George Osborne reassures Wall Street: UK won't become 'Little Britain'

Wall Street Bull

George Osborne has promised American bank bosses that a post-Brexit Britain will “do everything we can to make the UK the most attractive place in the world to do business”.

The chancellor toured Wall Street banks on Monday as he began a mission of “selling Britain to the world” in the wake of the UK’s decision to leave the European Union.

“We’re out there selling Britain to the world,” Osborne said on MSNBC’s Morning Joe on Monday as he began his tour of global financial powerhouses, which will also see him travel to China and Singapore in the coming weeks. He conceded that “it’s going to be a challenge” but said the UK would not become “Little Britain” and instead would reposition itself as “a beacon for free trade, democracy and security, more open to that world than ever”.

“We are not turning in on ourselves as a country,” he said. “We may be leaving the EU, but we are certainly not leaving global free markets, free trade ... a place where global business can come and do business.”

Asked on MSNBC if there was anything that could be done to prevent Britain actually leaving the EU following the referendum vote, Osborne said the people had spoken, and while he was personally disappointed, the government would take its instructions from the voters.

“You can’t take the East German view that ‘the people are wrong, and we need to elect new people’,” he said. “We are strong democracies. When the people speak, the politicians need to take that instruction.”

However, Osborne said he viewed the 52% vote to leave as an instruction to make Britain more, not less, global. “We made the decision to leave, but we have now got to make a decision about what kind of country we want to be,” Osborne said. “And I don’t want us to be a Britain that turns in on itself, becomes less tolerant, becomes more divided.

“I want us to interpret the result as an instruction for Britain to be more outward-facing, to have stronger economic and trade ties with, for example, the United States.”

The US is the largest single destination for UK exports, and the UK is America’s largest trading partner in Europe.
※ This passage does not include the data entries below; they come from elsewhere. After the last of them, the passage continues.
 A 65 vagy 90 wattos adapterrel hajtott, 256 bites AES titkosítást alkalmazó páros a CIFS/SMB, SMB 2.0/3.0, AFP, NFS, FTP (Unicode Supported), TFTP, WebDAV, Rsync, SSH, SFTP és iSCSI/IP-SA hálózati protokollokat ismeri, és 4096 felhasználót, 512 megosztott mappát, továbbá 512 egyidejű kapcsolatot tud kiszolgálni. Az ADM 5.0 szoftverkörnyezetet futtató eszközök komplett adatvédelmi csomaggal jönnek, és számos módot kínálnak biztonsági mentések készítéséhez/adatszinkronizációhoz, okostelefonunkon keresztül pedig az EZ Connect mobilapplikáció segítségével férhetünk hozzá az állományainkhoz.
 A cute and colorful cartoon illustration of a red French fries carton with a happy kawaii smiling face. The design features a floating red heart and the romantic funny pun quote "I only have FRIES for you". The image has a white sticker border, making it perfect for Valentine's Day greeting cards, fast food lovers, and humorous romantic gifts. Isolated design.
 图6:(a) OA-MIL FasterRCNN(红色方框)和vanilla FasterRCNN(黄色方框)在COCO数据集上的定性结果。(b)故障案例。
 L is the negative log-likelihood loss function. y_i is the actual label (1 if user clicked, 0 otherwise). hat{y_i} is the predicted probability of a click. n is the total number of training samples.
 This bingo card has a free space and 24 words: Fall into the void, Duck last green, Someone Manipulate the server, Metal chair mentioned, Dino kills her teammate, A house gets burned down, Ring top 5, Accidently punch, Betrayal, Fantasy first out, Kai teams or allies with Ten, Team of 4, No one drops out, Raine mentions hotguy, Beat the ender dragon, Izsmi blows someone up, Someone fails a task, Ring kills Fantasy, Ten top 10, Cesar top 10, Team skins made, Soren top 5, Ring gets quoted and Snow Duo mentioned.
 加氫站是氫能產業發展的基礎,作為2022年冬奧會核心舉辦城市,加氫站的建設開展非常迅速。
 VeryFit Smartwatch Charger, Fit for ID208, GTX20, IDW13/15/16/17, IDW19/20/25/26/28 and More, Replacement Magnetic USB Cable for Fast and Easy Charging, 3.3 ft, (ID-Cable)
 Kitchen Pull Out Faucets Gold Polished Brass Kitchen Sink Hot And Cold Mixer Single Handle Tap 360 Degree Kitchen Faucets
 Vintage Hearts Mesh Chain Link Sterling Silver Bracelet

In 2014 UK exports to the US were worth £88bn – or 17% of total UK exports – and the UK is the US’s sixth-largest trading partner.

The chancellor’s mission to the US came as the S&P 500 index hit a record high and London’s FTSE 100 officially became a bull market – up 20% from a recent low.

His visit was kicked off with an opinion piece in the Wall Street Journal, where Osborne wrote that a post-Brexit Britain “must start with a closer economic relationship with North America”. He said he had spoken with with the House speaker, Paul Ryan, “several times in the past two weeks about a stronger trading relationship”. His overtures come after Barack Obama said Britain would be “at the back of the queue” for a new trade deal if it voted to quit the EU.

Osborne will also meet the US treasury secretary, Jack Lew, in London in the coming days.

Osborne has already spelled out a future for a post-Brexit UK as a low-tax financial and corporate centre. He has set a goal of reducing UK corporation tax to less than 15% to try to prevent multinational companies from uprooting their headquarters from Britain.

UK corporation tax currently stands at 20%, down from 28% when Osborne took office in 2010. The average corporation tax rate in the G20 was 28.7% in January 2015, according to the Oxford University center for business taxation.

The Organisation for Economic Co-operation and Development has warned that cutting company taxes further “would really turn the UK into a tax haven type of economy”.

In recent years, UK companies have left Britain for Ireland, where the corporate tax rate is 12.5%.

The Bank of England is this week expected to cut interest rates, which are already at a record low of 0.5%, to improve sentiment.